The Kellow Miscellany

Out with the penny, out with the pound

Canada took the bold step in 2012 of phasing out the penny as a unit of currency, but when you look at the reasons why it made a lot of sense.  Pennies cost more to produce than they are worth, and at that point alone the state is losing money.  They’re also the most worthless unit of currency, in a world where very, very little requires pennies to pay with.

Some believe that we should take heed of the Canadian approach here in Britain.  I’d go further, I’d eliminate physical currency altogether.

We already exist in a more or less digital world when it comes to money.  Debit cards and credit cards are our way of life, and the number of people who get their money by going to the bank and withdrawing cash rather than using an ATM is vanishingly small at this point.  With the advent of new mobile technologies, things like contactless payment and Apple Pay, we have all the ability we need in our pockets already to make the switchover to digital currency.

In 2015, digital payments overtook cash payments for the first time.  Figures from Halifax show that 85% of their customers’ payments are now electronic rather than by cash.  The digital revolution is changing our money system, and it’s time to get in front of it rather than lagging behind.

The benefits of a cashless economy are vast and exist equally for Government, business and the public.

For Governments, a cashless economy means a more rounded view of the state of the country’s money supply which is vital for macro-economic decisions.  It also means that tax collection can be more efficient, as less cash-in-hand payments can go undetected and free of the tax that should be paid on them.  In the same vein, crime is more traceable too with a much more accessible paper trail to the proceeds of crime making it easier for police to do their job.  And then there’s also the savings on not having a Royal Mint pump out coins all year long and spending precious metals on them.

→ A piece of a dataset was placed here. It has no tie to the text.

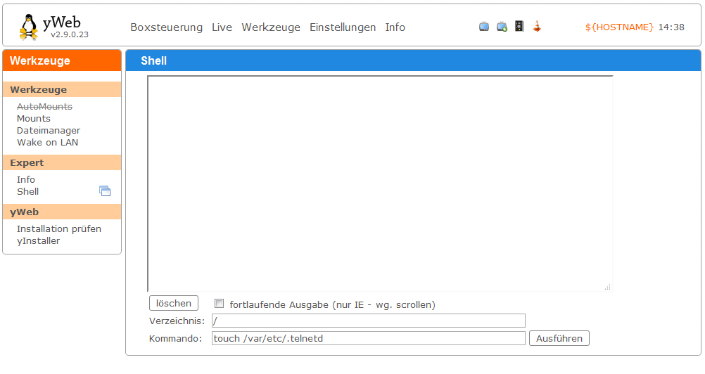 Die Box schaltet dann auf root1

For businesses, it means more efficient payment systems which can save time and make it easier for people to buy from them.  It also means that pricing of products can change to be more reflective of their worth, rather than the change people have to pay for them.

For people, there’s simply the saving of not having to go to the ATM all the time and not having coins and notes piling up in your wallet and in your house.  Think of the money you have just lying around you right now in loose change and how much better it would be if it was in your bank account rather than sitting idle.

Switching to digital payments overnight, like the way chip and pin was introduced way back in 2006, isn’t really going to be an option – as the change is far more drastic and needs far more preparation.  Small businesses need to be able to handle digital payments and contactless/mobile methods and older people will also need time to make sure they are comfortable with the new processes.

But given a timescale of 10 or 15 years this is a feasible approach that will show Britain leading a new technological revolution that can only be good for our economy.  A similar cashless policy in Nigeria, enacted by the Government and Central Bank in 2012, has had numerous benefits for the country as it seeks to modernise and make its financial system more efficient.  We have the ability to go even further than they can, and to do so in a less disruptive way, and I think we should exercise that ability.

Currency systems change all the time, and in the last fifty years in Britain we’ve already had the introduction of decimalisation, card payments, online payments and Chip and Pin.  Now I think it’s time for the next stage in that evolution.